Citizens’ concerns over the ways in which increased multifamily housing may affect traffic, schools and other local resources can be well-founded, or at least well-intentioned. On the other hand, access to multifamily housing can help drive economic growth, job creation and quality of life, all of which are in the best interest of communities.

Moving forward, it is imperative that developers, alongside public officials and citizens, reimagine the framework of the debate, establish trust and communicate honestly about how to balance costs and benefits. Doing so, repeatedly, is necessary for the establishment of strong foundations that can both preserve a neighborhood’s fabric while also providing new opportunities for young and working people to build their lives in the community.

Carrots More Than Sticks

From my perspective, developers can also advocate for regulatory solutions that build upon more effective engagement to establish consequences and, more importantly, provide rewards around compliance. Massachusetts’ MBTA Communities Law relies on the threat of withholding state funds to force compliance, and the results have been mixed. Conversely, New York City’s zoning initiative gained approval after the city, with a $1 billion assist from the state, pledged $5 billion for infrastructure spending, a housing fund and expenses.

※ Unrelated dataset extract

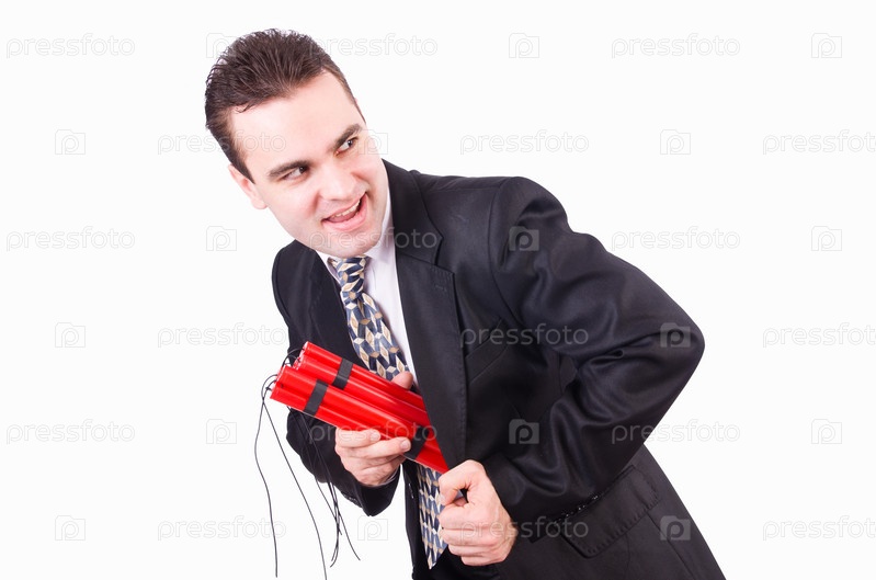 Бизнесмен с динамитом, изолированный на белом

I believe future solutions should be designed with incentivizes for all parties. For instance, federal or state funding could be used to ease pain points for local communities, such as paying for resources and services, which can then be passed on to developers in the form of property tax abatements to encourage new construction. This could help achieve housing production goals while providing each constituency with tangible, positive reasons to participate in the effort.

Conclusion

The NEMA region’s housing crisis will not improve without substantial new supply, which will require community residents, political leaders, developers and other stakeholders to recognize the problem and work together to lower barriers to development.